F - Rook on Grid

Score : $600$ points

Problem Statement

We have a grid with $H$ horizontal rows and $W$ vertical columns. Let Square $(i,j)$ be the square at the $i$-th row and $j$-th column.

There are $M$ obstacles on this grid. The $i$-th obstacle is at Square $(X_i, Y_i)$.

We have a rook, the chess piece, on Square $(1, 1)$. In one move, it can move to the right or downward through any number of squares without obstacles.
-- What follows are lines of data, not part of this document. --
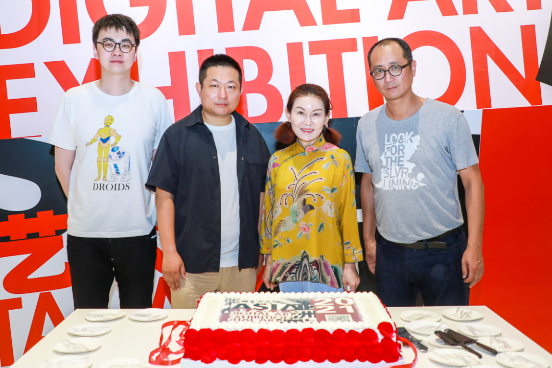 ▲ “2021亚洲数字艺术展”策展人邱志杰(右一)、陈抱阳(左一)、出品人王鹏(左二)、联合出品人赵燕 (右二)合影,北京时代美术馆
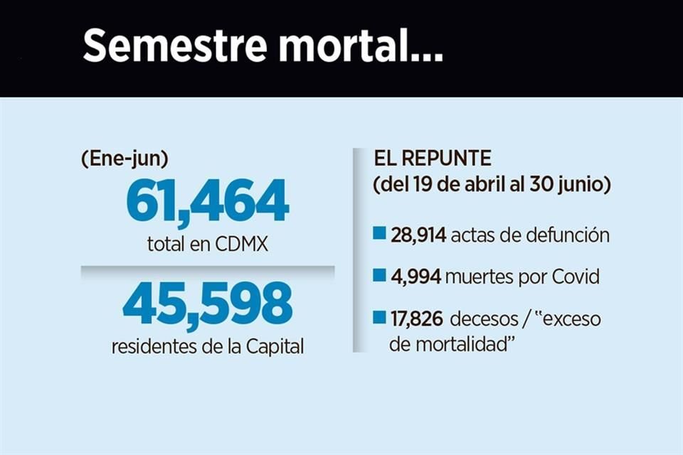 Una comisión científica y autónoma encontró que durante la pandemia de Covid-19, la Ciudad de México registró un exceso de mortalidad de 161 por ciento hasta junio de este año.
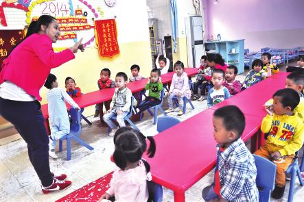 连续的阴雨天气影响,户外活动不得不取消。15时左右,小六班的孩子们从午休中醒来,老师们打开音乐,教孩子们学手指操、跳舞,孩子们活泼可爱的天性,让雨天的教室里也格外热闹。一系列的活动结束后,孩子们要开始学习“文化课”了,老师打开电子屏幕,让孩子们观察一些小动物,然后在书本上找到每个小动物的尾巴,用铅笔连起来……看似简单的学习,但有的孩子学起来显得十分吃力,老师要不停地手把手去教。这样的工作每天要重复无数遍……16时30分,晚饭的到来意味着“今天的幼儿园生活”即将结束,看着孩子们津津有味地吃着饭菜,两位老师欣慰地笑着。
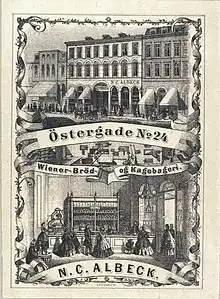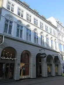 In 1880, Jacob Heinrich Moresco purchased the property. He had for many years operated a clothing shop on Amagertorv. He undertook a comprehensive renocation of the building. In 1882, his company relocated to the building in Østergade. After a few years, J. Moresco had developed into the largest manufacturer of women's clothing in the Nordic countries with considerable export to Southern Sweden and Norway.[27] When Sweden increased its tariffs on clothing from Denmark in 1890, Moresco responded by establishing a Swedish subsidiary, aAB Moresco, in Malmö, followed by a Norwegian subsidiary in Christiania in 1897.[28][29]
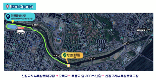 이번 러닝은 안양천과 한강을 따라 펼쳐지는 코스를 선택했습니다. 5km와 10km 두 가지 코스가 있으며, 각 코스의 시작점은 신정교하부육상트랙구장입니다. 코스는 잘 정비되어 있으며, 안전을 위해 의료팀과 자원봉사자들이 상시 대기하고 있습니다.
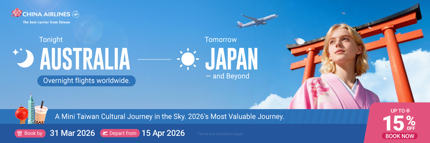 As temperatures drop in Australia, escape the winter chill and chase the sun with China Airlines. From London’s golden sunsets to Japan’s vibrant summer festivals , maximize your adventure with our overnight flights and morning arrivals—allowing you to save a night and gain a full day of exploration. We also include a 2-piece baggage allowance, providing plenty of room for all your summer shopping and souvenirs. Book your northern summer escape today and turn your travel dreams into reality.
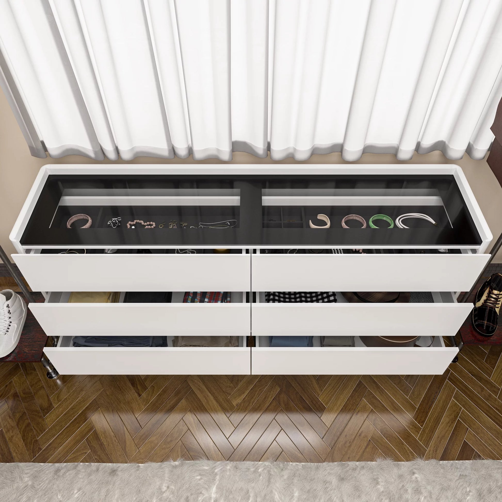 WIAWG 6 Drawer Dresser for Bedroom, Chest of Drawers with 2 Classified and 4 Wide Storage Drawers for Bedroom, White
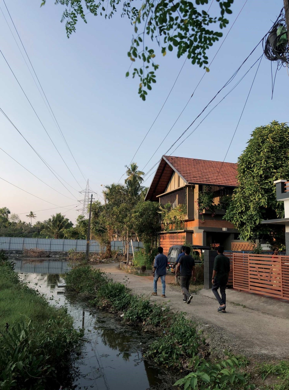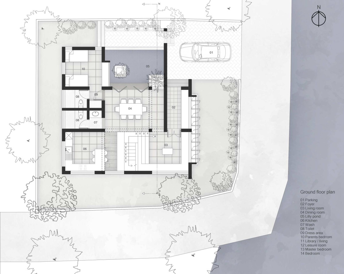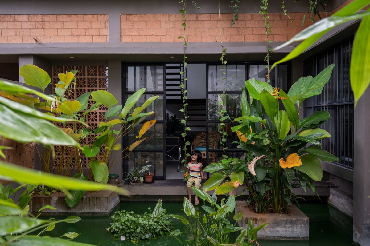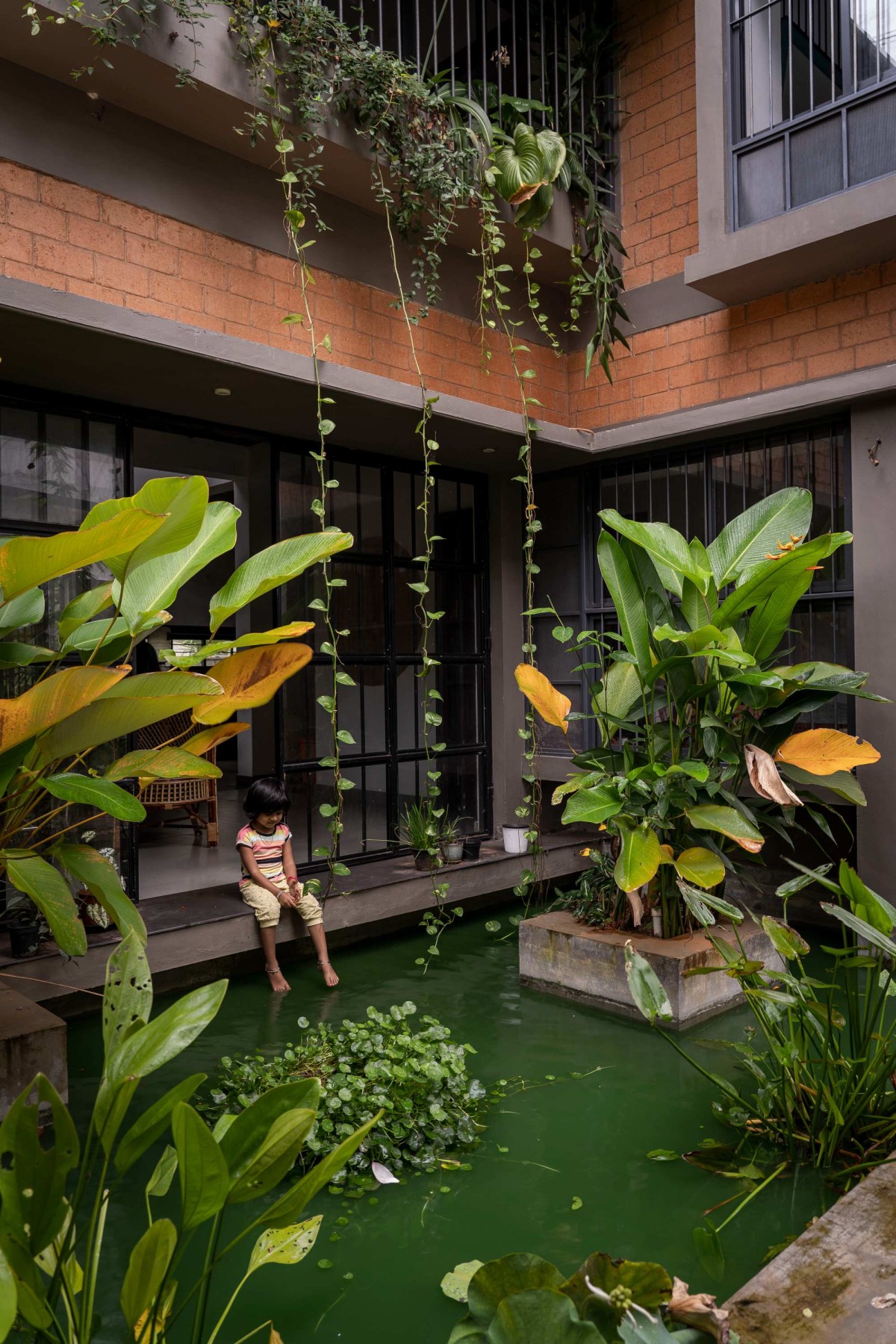 The house comprises three bedrooms, a living area, a dining space, and a kitchen on the ground floor. An upper-level living area, combined with a cozy library, opens out to a planter box that enhances the biophilic experience. A shaded pond on the southern side, benefiting from the shadow of the adjacent building, contributes to the home’s thermal comfort and creates a tranquil microclimate.
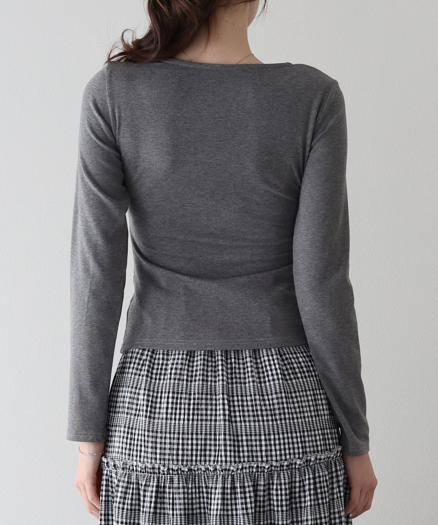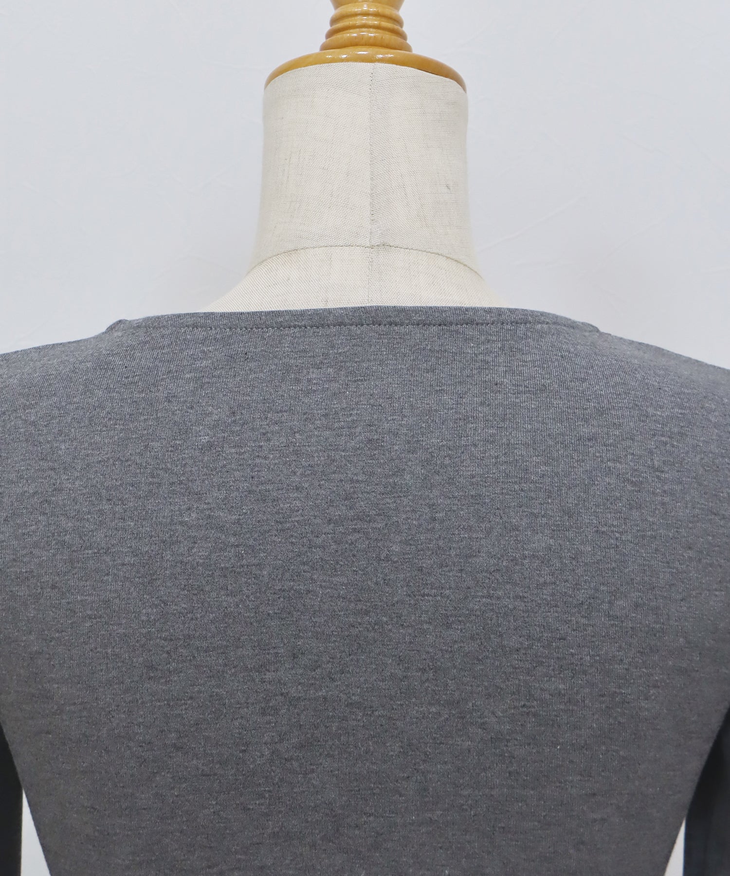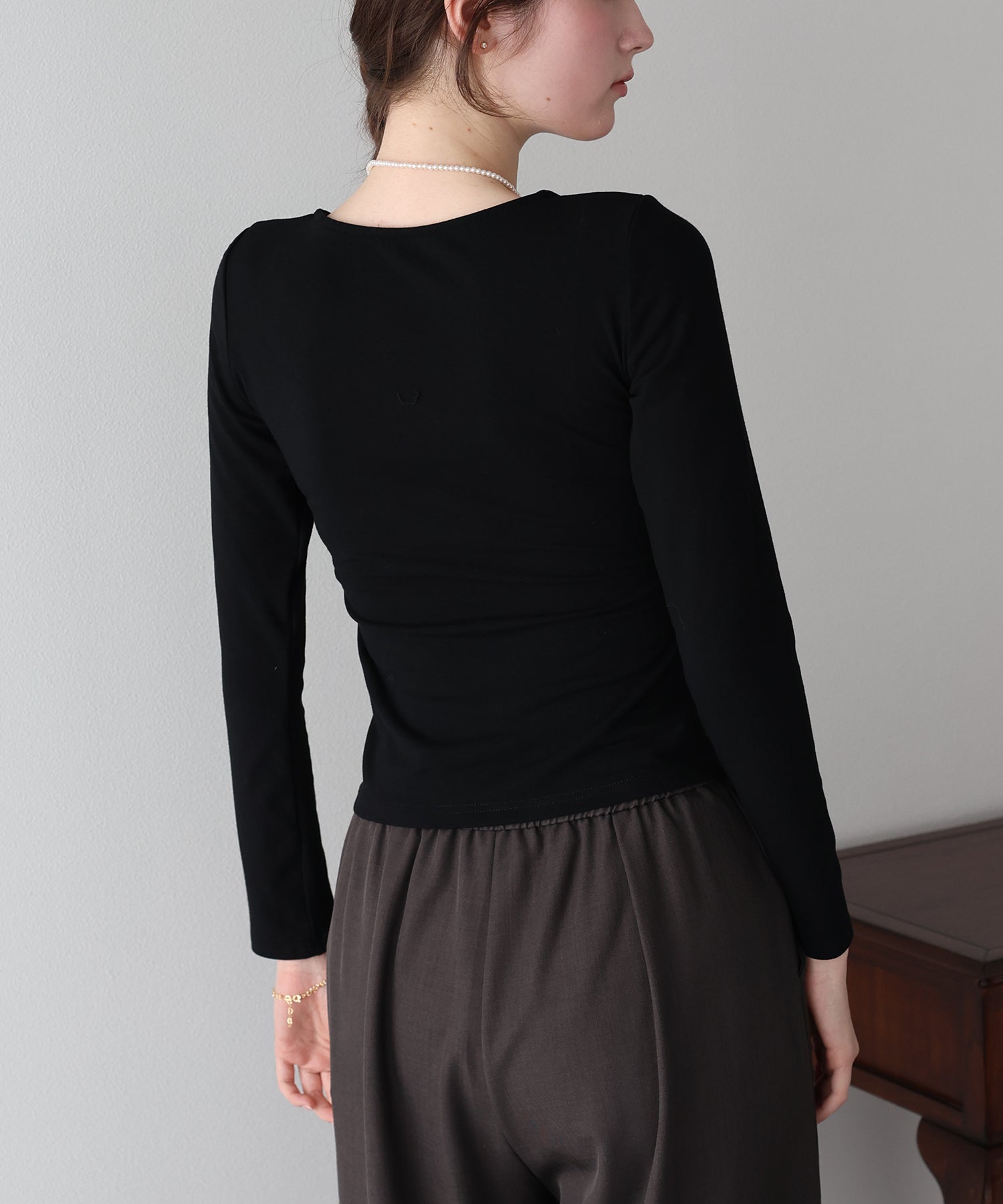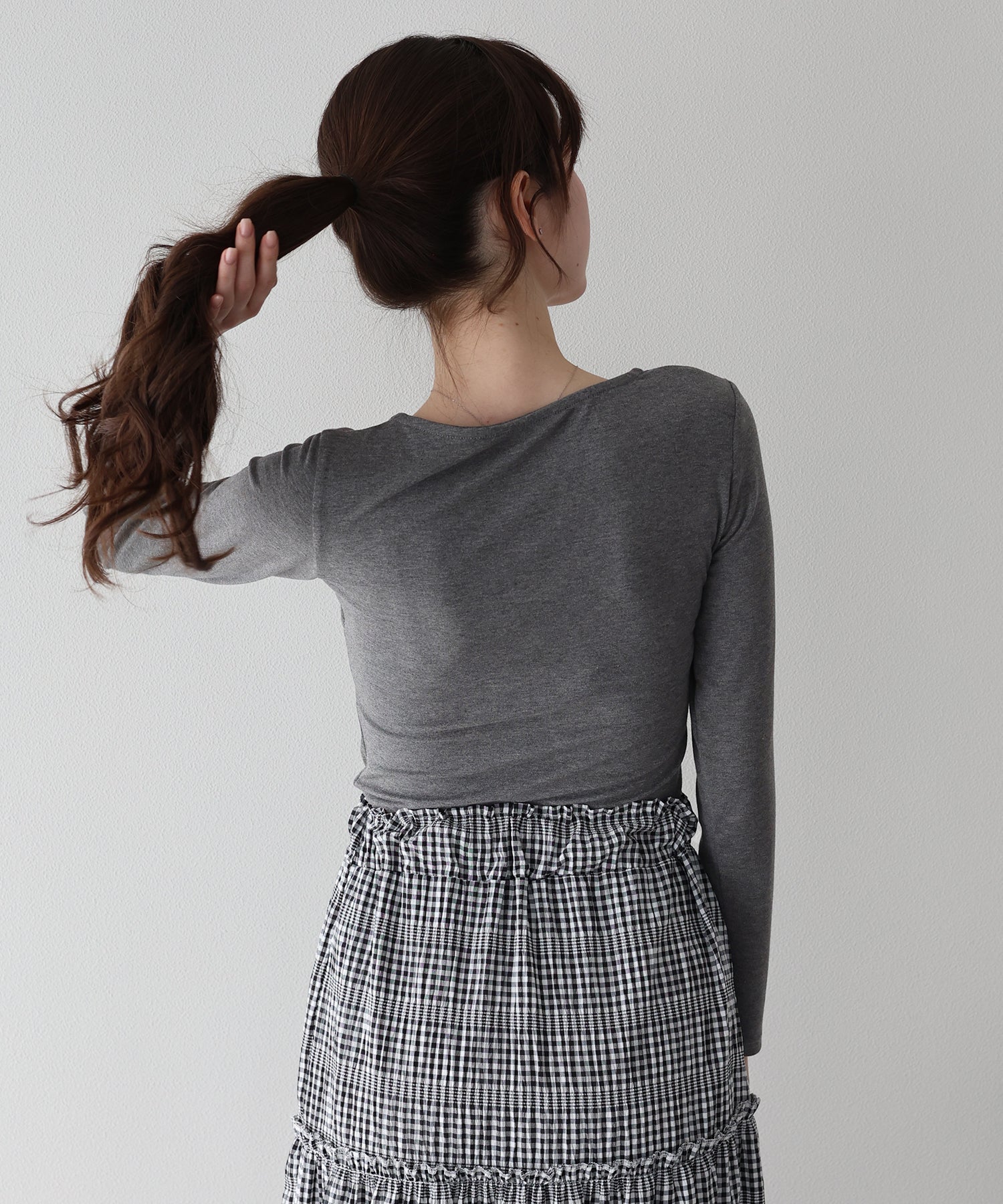 リラクシーなカットソー素材でありながら、ほどよく身体のラインを拾うタイトめなシルエットに仕立てることで、カジュアルの中に艶やかな女性らしい雰囲気をプラスしました。
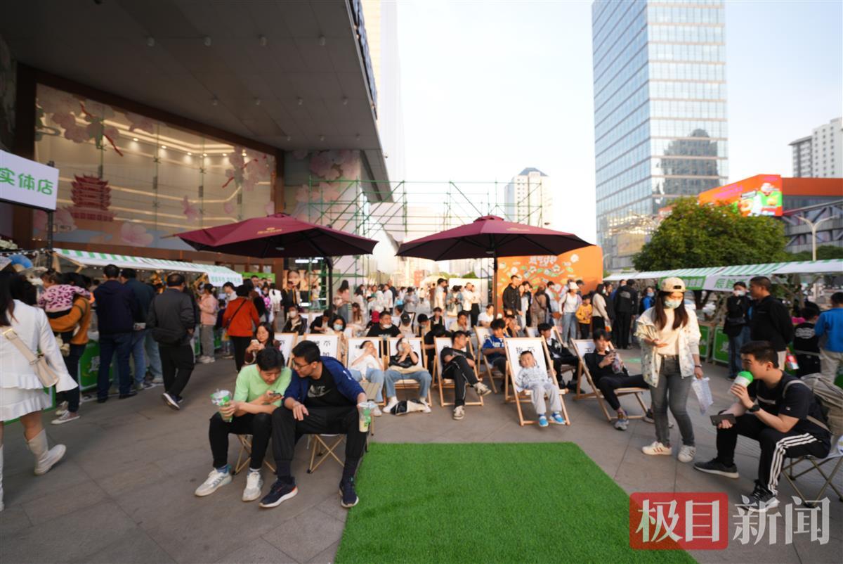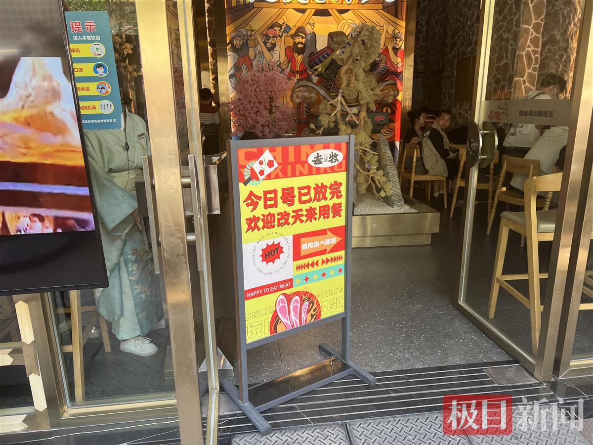 楚河汉街一街区的餐饮小吃店前均排起了长队,网红茶饮店点单取餐至少需要半小时,一家自助烤肉店门前更是摆出了“今日号已放完”的提醒牌。“五一假期客流量特别大,今天中午市11点多就已经放完号了。”该店工作人员介绍,中午店内只能接两轮顾客,一轮大概能容纳70多桌,“晚市人更多,我们已经把晚市的取号时间提前到了下午3点半。”
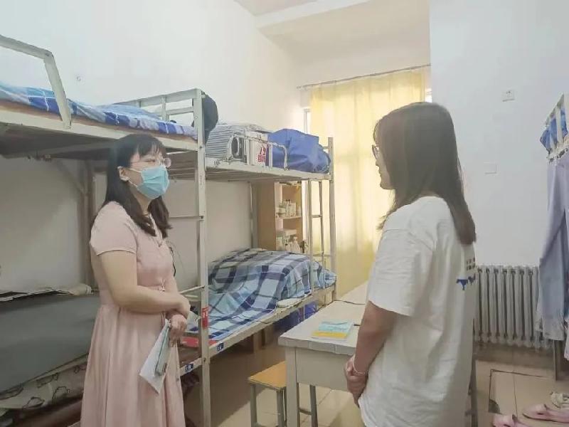 隨后,張弛老師和學生公寓服務中心的學生走進學生公寓,與在宿同學交流談心,關心他們的日常生活,詢問大家有無實際生活上的困難,并向同學們贈送了精美的圖書,為同學們送去一份溫暖,緩解了同學們的備考壓力,使同學們感受到了學生公寓為學生服務的理念與貼心關懷。

Find the number of squares the rook can reach in two moves or less.

Constraints

• $1\leq H,W \leq 2\times 10^5$
• $0\leq M \leq 2\times 10^5$
• $1\leq X_i \leq H$
• $1\leq Y_i \leq W$
• $(X_i,Y_i) \neq (1,1)$
• $(X_i,Y_i)$ are distinct.
• All values in input are integers.

Input

Input is given from Standard Input in the following format:

$H$ $W$ $M$

$X_1$ $Y_1$

$\vdots$

$X_M$ $Y_M$

Output

Print the number of squares the rook can reach in two moves or less.

4 3 2
2 2
3 3

10

Every square without an obstacle can be reached in two moves or less.

5 4 4
3 2
3 4
4 2
5 2

14

Every square without an obstacle except $(4,4)$ and $(5,4)$ can be reached in two moves or less.

200000 200000 0

40000000000